Pudło. Kobiety szanują się i są oddane sobie nawzajem. Żyją w pewnego rodzaju symbiozie, choć są zupełnie różne. Chiquita (Margarita Irun) wykazuje się większą śmiałością, zaradnością i pogodą ducha. Chela (Ana Brun) jest bardziej wycofana, bojaźliwa i charakteryzuje ją seria dziwactw, które jej partnerka w pełni akceptuje.

Kadr z filmu „Dziedziczki”.

Kobiety muszą się zmierzyć z wyzwaniem, jakie postawił przed nimi okrutny los. Chiquita zaciągnęła pożyczkę, która ostatecznie doprowadziła do oskarżenia jej o defraudację. Wisi nad nią widmo trafienia do więzienia. Ale – paradoksalnie – to kruchej Cheli będzie trudniej, zostając na wolności samej.
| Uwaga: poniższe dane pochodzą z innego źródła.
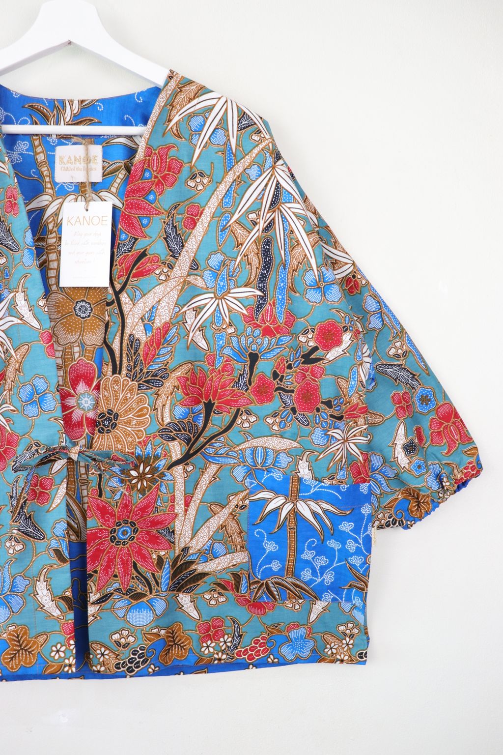 Our batik kimono worn over your basics will add that beautiful Indo-Malayan cultural touch that reminds you of your heritage or just to appreciate the art of our region. Keeps you feeling comfortable while indoors and great for those chilly rainy days. Definitely a piece for you to wear throughout the seasons. Made of 100% cotton, they are breathable and cooling, yet keeping you warm enough for comfort while indoors in the air conditioning.
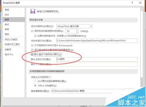 6、在“保存”选项右侧窗格中,找到“保存演示文稿”区域下的“默认本地文件位置”并在其中进行修改,然后再点击“确定”按钮即可。如图所示;
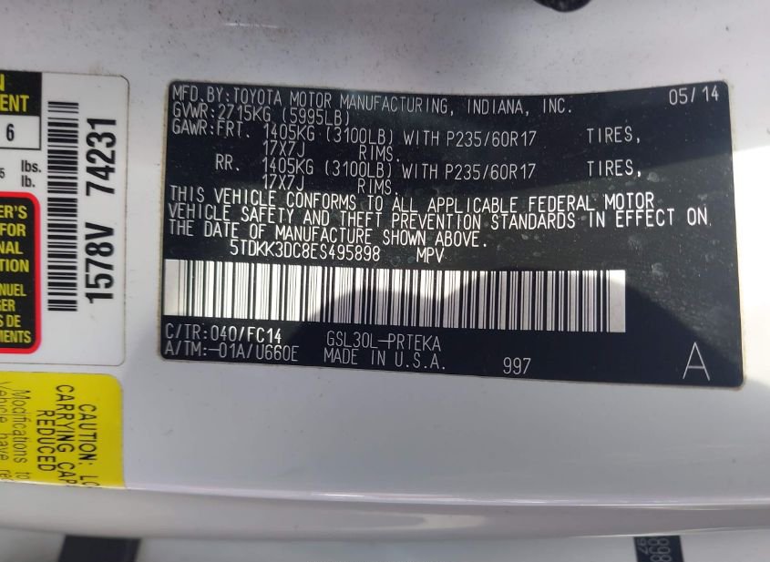 - VIN: 5TDKK3DC8ES495898
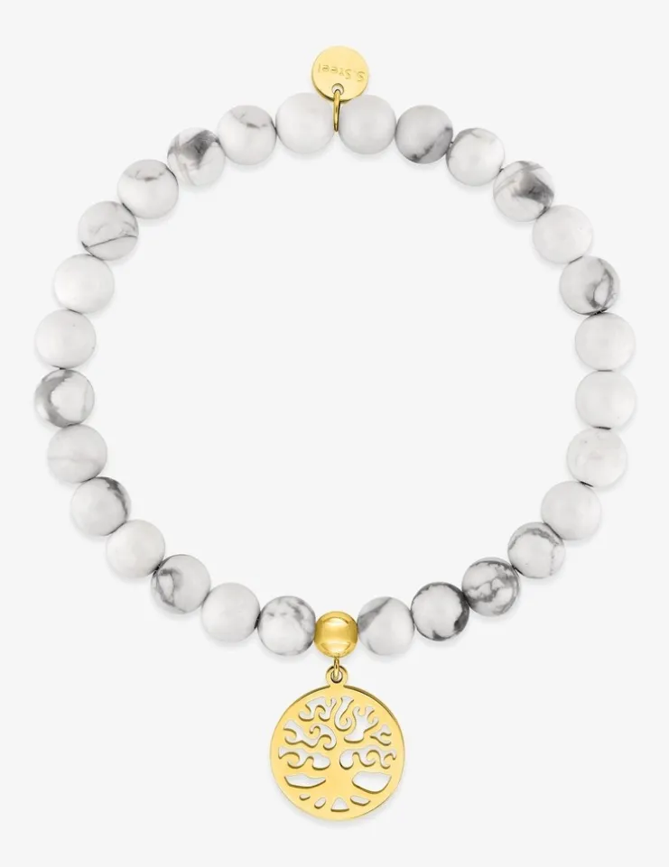 Bracelet élastique arbre de vie acier doré et turquoises blanches SO OR
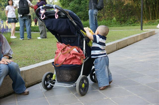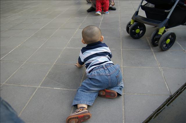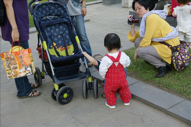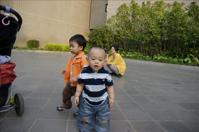 森森在撿啥東西?來寶緊跟著森森屁股後...
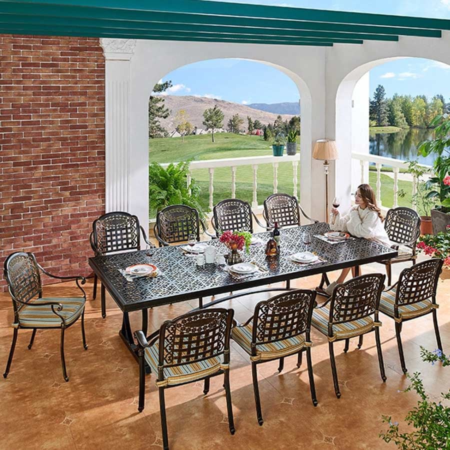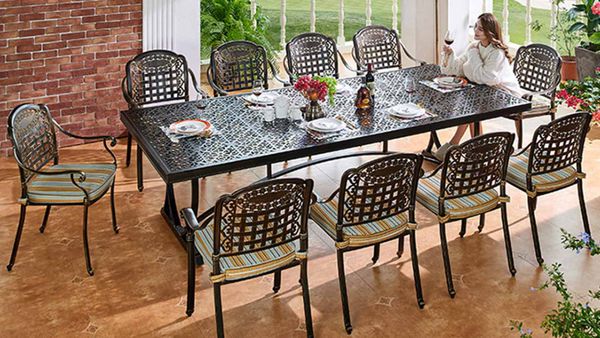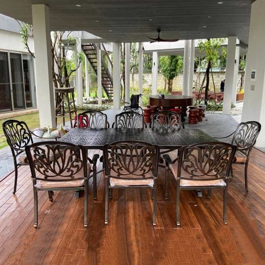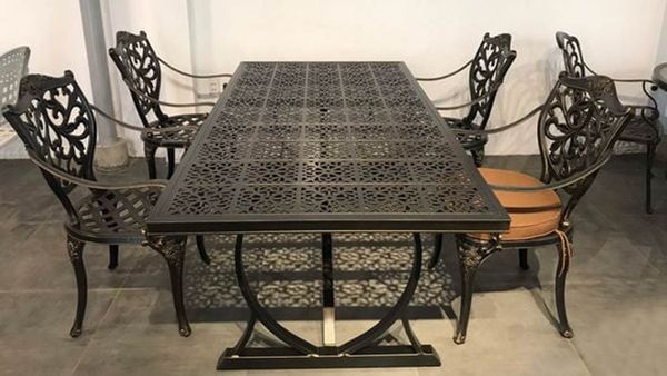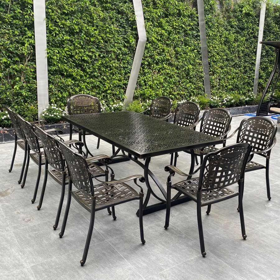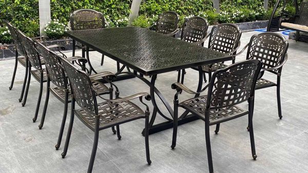 - Chất liệu nhôm đúc sơn tĩnh điện: Ghế được làm từ nhôm đúc chất lượng cao và lớp sơn tĩnh điện, giúp bàn có khả năng chống gỉ sét và đạt độ bền cao khi sử dụng ngoài trời. Sản phẩm giữ được vẻ đẹp và sự mới mẻ theo thời gian.

Zażenowane zaistniałą sytuacją dziedziczki prowadzą grę pozorów. W tajemnicy wyprzedają rodowe kryształy i cenne meble, ale wstydzą się prosić o pomoc przyjaciół. Kiedy nadzieja na szybkie uregulowanie długu i powrót do płynności finansowej topnieje coraz bardziej – bierna dotychczas Chela podejmuje ryzykowne działanie.





„Dziedziczki” to kino bardzo kobiece. We wspomnianym bogatym, ale ponurym domu, snują się właścicielki i niezdarna gosposia. Podglądamy też cykliczne spotkania pretensjonalnych dam z wyższych sfer oraz odwiedzamy żeńskie więzienie. Odsunięcie męskiego pierwiastka na dalszy plan nie pozbawia nas jednak różnorodności i nie wyklucza burzy emocji.

Nagrodzony na Berlinale debiut fabularny paragwajskiego reżysera ukazuje proces dojrzewania kobiety, której – ze względu na wiek – stereotypowo już dawno odmówilibyśmy prawa do owego dojrzewania. Do stawienia czoła lękom, wzięcia spraw w swoje ręce, podjęcia ryzyka i rozwinięcia skrzydeł.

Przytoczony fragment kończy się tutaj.